The executable command below finds all the words that appear greater than or equal to \(n\) times in ALL the parameter text files. Here is the usage:

./find_common_words [TEXT FILES] -n [NUM] [-o FILE]

Pronunciation Puzzler

For this part of the lab you’ll complete an object which will help solve the following puzzle (taken from CarTalk):

This was sent in by a fellow named Dan O’Leary. He came upon a common one-syllable, five-letter word recently that has the following unique property. When you remove the first letter, the remaining letters form a homophone of the original word, that is a word that sounds exactly the same. Replace the first letter, that is, put it back and remove the second letter and the result is yet another homophone of the original word. And the question is, what’s the word?

Now I’m going to give you an example that doesn’t work. Let’s look at the five-letter word, ‘wrack.’ W-R-A-C-K, you know like to ‘wrack with pain.’ If I remove the first letter, I am left with a four-letter word, ‘R-A-C-K.’ As in, ‘Holy cow, did you see the rack on that buck! It must have been a nine-pointer!’ It’s a perfect homophone. If you put the ‘w’ back, and remove the ‘r,’ instead, you’re left with the word, ‘wack,’ which is a real word, it’s just not a homophone of the other two words.

But there is, however, at least one word that Dan and we know of, which will yield two homophones if you remove either of the first two letters to make two, new four-letter words. The question is, what’s the word?

Basically, we’re looking to find words such that

  • the word itself,
  • the word with its first character removed, and
  • the word with its second character removed

are all homophones (i.e., have the same pronounciation) of each other.
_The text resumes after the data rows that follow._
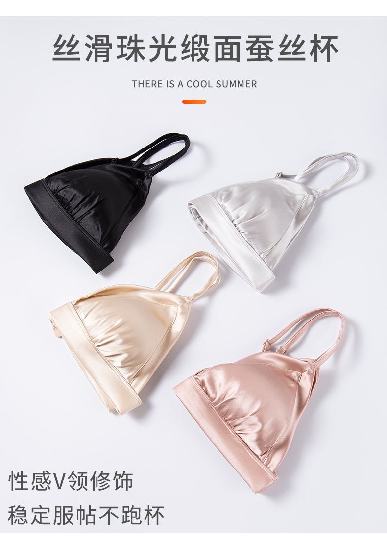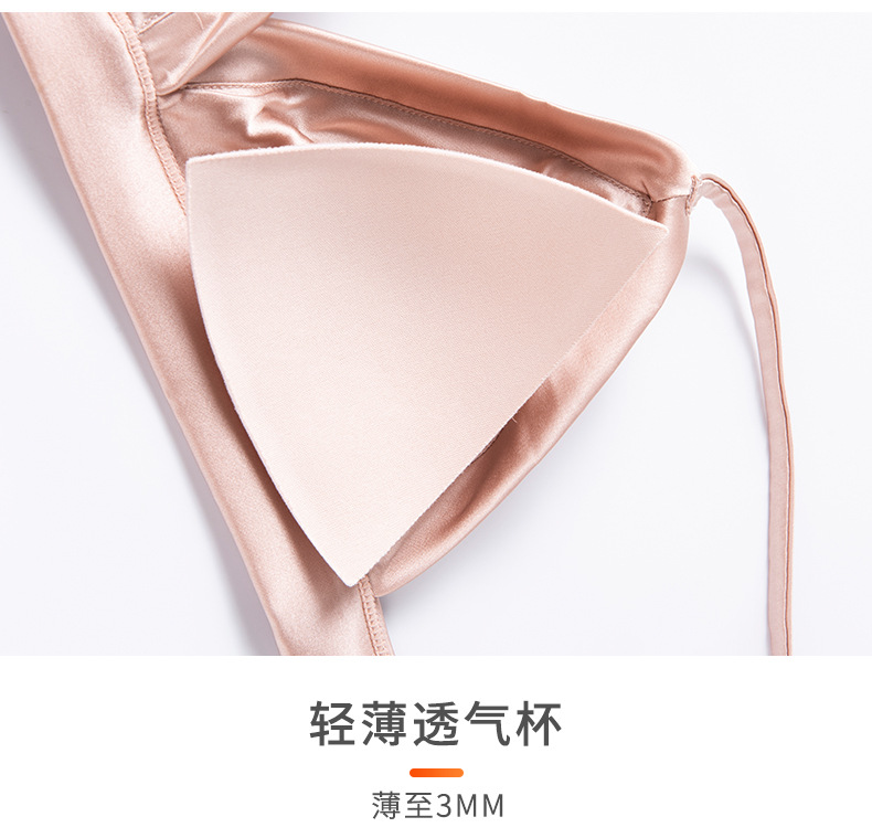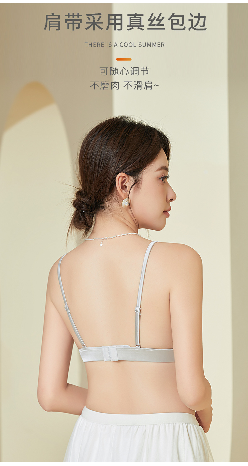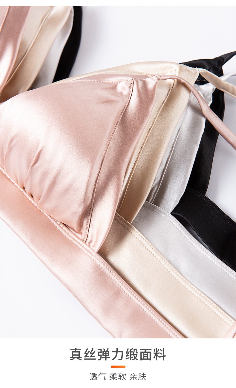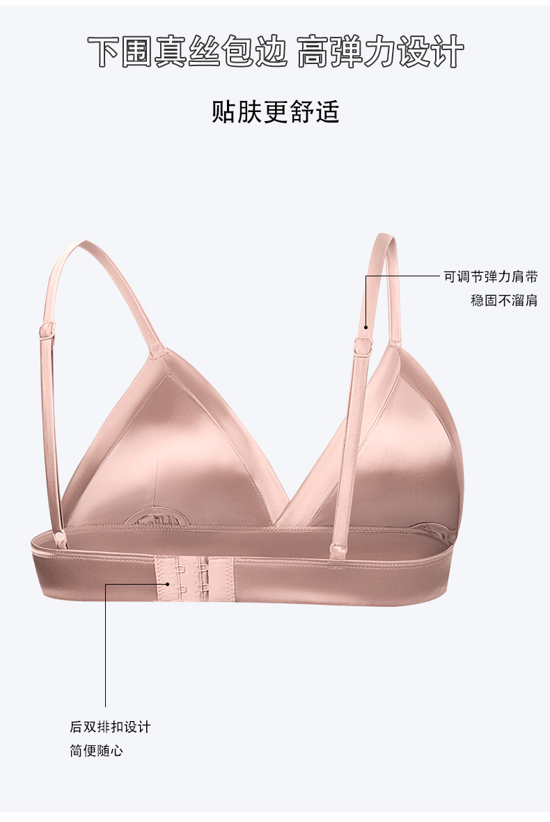 탱지 새틴 실크 프랑스 속옷 얇은 광택 삼각형 컵 작은 가슴 여성용 뽕나무 실크 브래지어 여름스토어 가기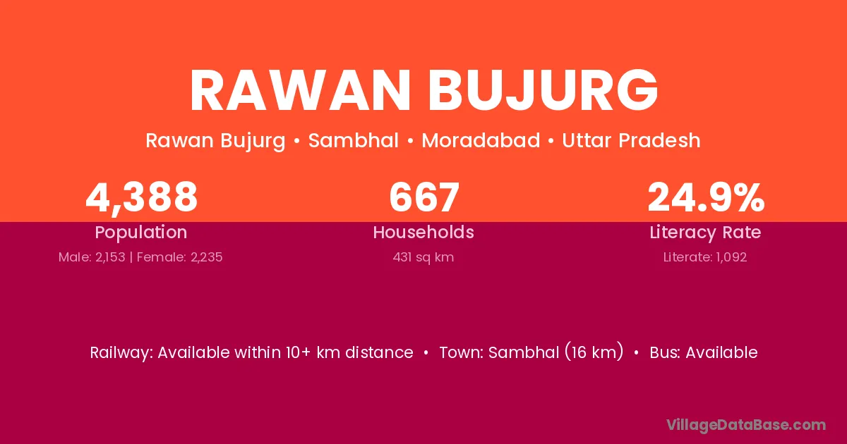 Sambhal (16 km) is the nearest town to Rawan Bujurg village for major economic activities and is located approximately 16 km away.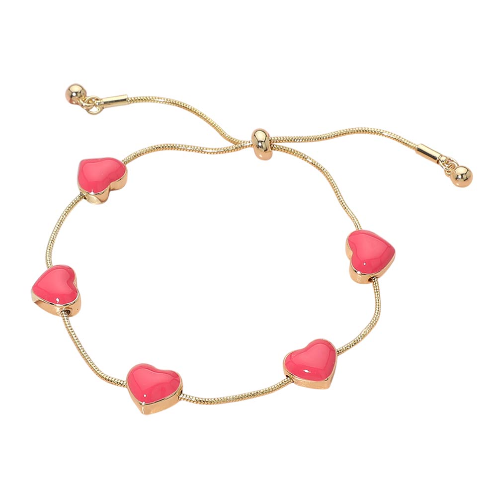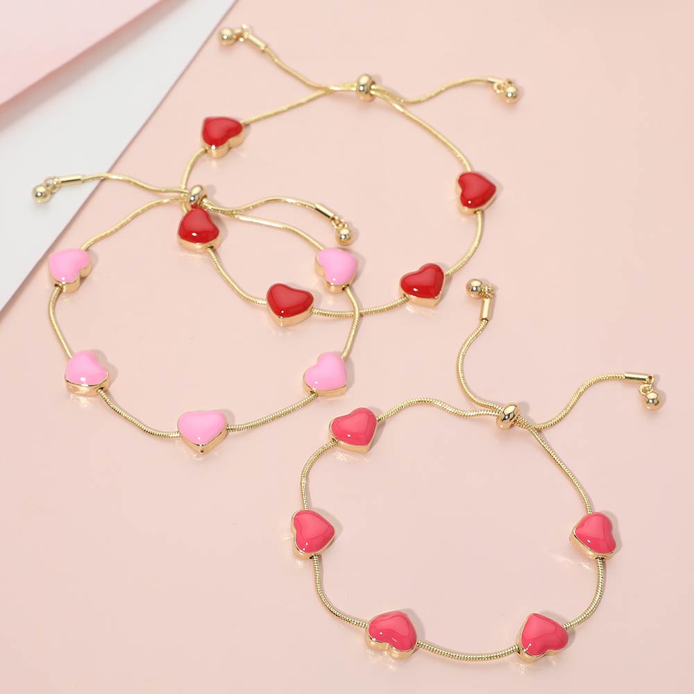 • Elegant adjustable bracelet featuring glossy heart station accents evenly spaced along a smooth slider chain. Designed for a comfortable, flexible fit, this romantic style is perfect for everyday wear, gifting, or layering with other bracelets. A charming addition to boutique assortments and curated jewelry collections.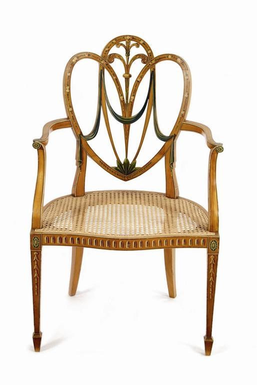 A satinwood and polychrome decorated open armchair, in Sheraton revival style, floral painted with feather plumes, drapes, husks, paterae and foliage, with a serpentine front cane seat, early 20th century.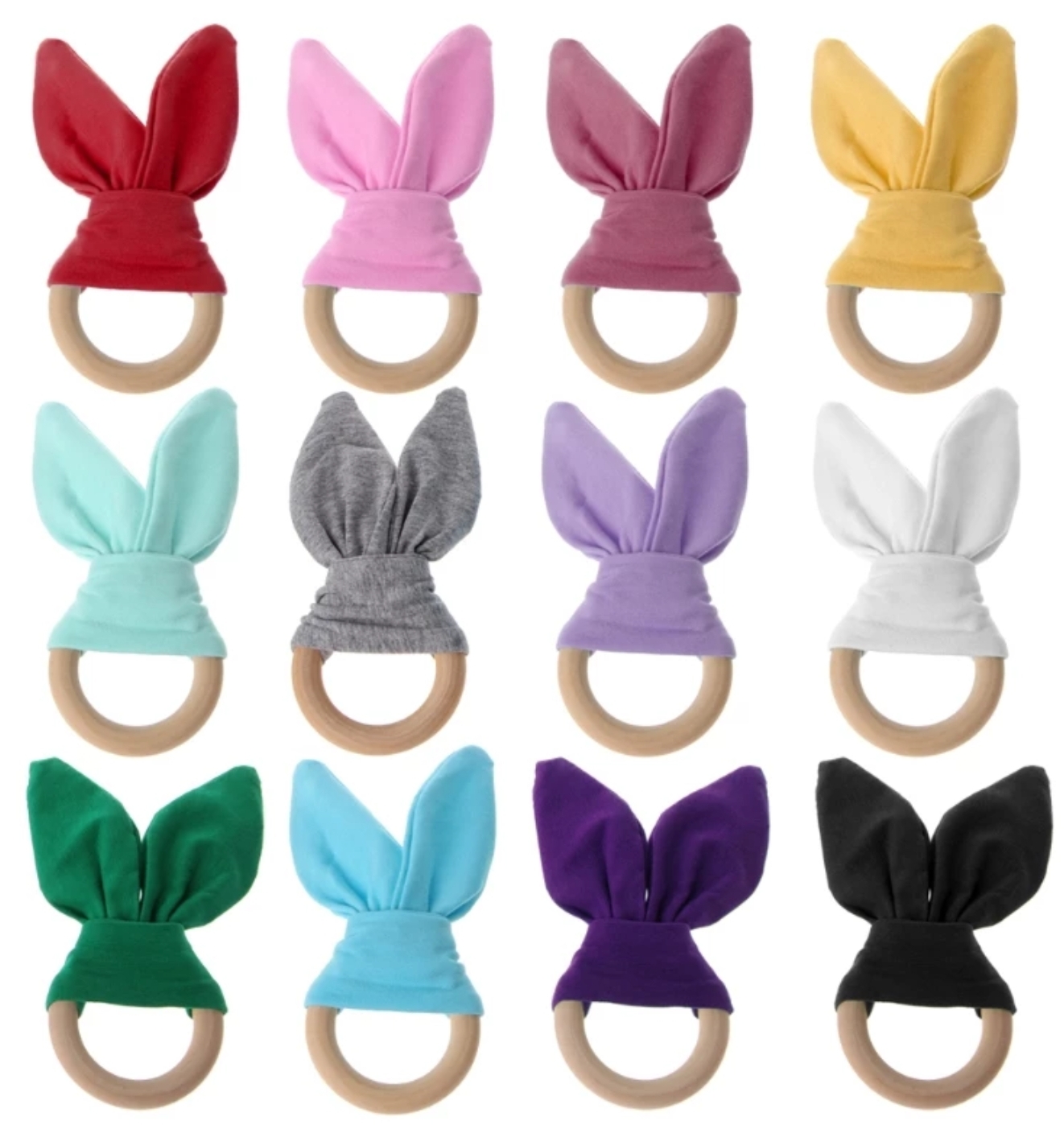 נשכן מעץ ללא לכה עם אוזני ארנב רכות, נעימות ומרשרשות, אשר ניתנות להסרה לכביסה

To accomplish this we are going to employ the help of CMU’s Pronouncing Dictionary. The data associated with that dictionary is stored in a file (data/cmudict.0.7a) and read on construction of a PronounceDict object (see pronounce_dict.h). You don’t have to worry about the constructors this time since they’re not very interesting. Instead, you’re responsible for writing the homophones function which determines whether two words are homophones are not. Check out pronounce_dict.h to see what kind of dictionary structure you’re working with, and remember that it is mapping a word to its pronunciation.

Here is the Doxygen for the PronounceDict class.

PronounceDict expects the words to be uppercase. Here’s how you can transform a std::string str to uppercase in C++:

std::transform(str.begin(), str.end(), str.begin(), ::toupper);

It uses std::transform (you know how to look this function up, right?) We’ll leave it up to you to try and figure out exactly how it works. If you need help, post on Piazza!

Next you will have to write the code which actually solves the puzzle. This function resides in cartalk_puzzle.cpp. It takes a word list file name (similar to before) and a PronounceDict.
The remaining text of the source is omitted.